И Унамуно приехал из Саламанки. Он провел ночь в поезде…
— Скажи мне, Мартин, что случилось?
— Случилось то, что я умираю, Мигель.
— Это я уже вижу. А что еще?
— Я хочу исповедаться.
— Но я не священник, Мартин.
(Перед лицом смерти они перешли на «ты»).
— Ты сам меня учил, что любой человек есть образ Христа.
Спальня прадеда была просторной супружеской спальней в барочном стиле — большие картины с изображениями святых и предков на стенах, массивная широкая кровать с высокой овальной спинкой в изголовье, украшенной причудливым узором.
— Ну хорошо, я слушаю.
Он снял берет и сел возле умирающего на краешек его вычурной кровати.
— Я не знаю, в чем мне исповедоваться, Мигель.
— И ради этого я приехал, Мартин?
— Ну, плотские грешки, это ерунда.
— Плотские грехи я тебе прощаю от имени Христа.
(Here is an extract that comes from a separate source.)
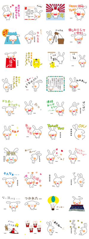 ほっぺにお花のはなほっぺうさぎ。年末年始に使えるカスタムスタンプ。クリスマス、年末カウントダウン、お正月、年越しに使えます。喪中用のスタンプもあります。※2023/1/3(火)23:59までに購入すると特典「LINEおみくじ」がもらえます。コチニージョ より発売

А искушения дьявола?
— Дьявол искушал меня всю жизнь. Я, Мигель, как тот персонаж у Толстого, жил всегда под девизом: «А будь земли вволю, так я никого, и самого черта, не боюсь!»[104].
— Ты хотел много земли?
— Очень много, и не для себя только, а для моей семьи, для моих близких.
Семья, прислуга (какая еще оставалась), подруги и друзья, сестры Каравагио — все стояли у дверей спальни и слушали исповедь дона Мартина.
— Земля, Мартин, не для близких и семьи, а для всех людей и животных.
— Осуди меня за этот грех.
— Разве ты позвал меня не для того, чтобы я твои грехи отпустил?
— Я тебя позвал, чтобы ты меня осудил. Я знаю, что за свои грехи я попаду в ад, Мигель.
— Но ты никогда не верил в ад, Мартин.
— Уж лучше ад, чем ничто, Мигель.
Святые и предки на картинах с почтением взирали на эту невиданную исповедь. Слуги и женщины, хоть и не понимали ничего, но все равно плакали из жалости к дону Мартину. При зажженных свечах — а дон Мартин не любил электрический свет — огромный барочный альков терял свое величие и впадал в маньеризм.
— Мирские искушения, Мартин?
— Мир меня искушал мало. Я предпочитал объезжать на коне свои земли, чем торчать в мадридском Казино. Но рулетка, если это мирское искушение, сильно притягивала меня.
— Конечно, это мирское искушение, Мартин.
— Осуди меня, Мигель.
— Ты играл, чтобы спасти семью, и потерял молодую племянницу. Ты уже пострадал за это, Мартин.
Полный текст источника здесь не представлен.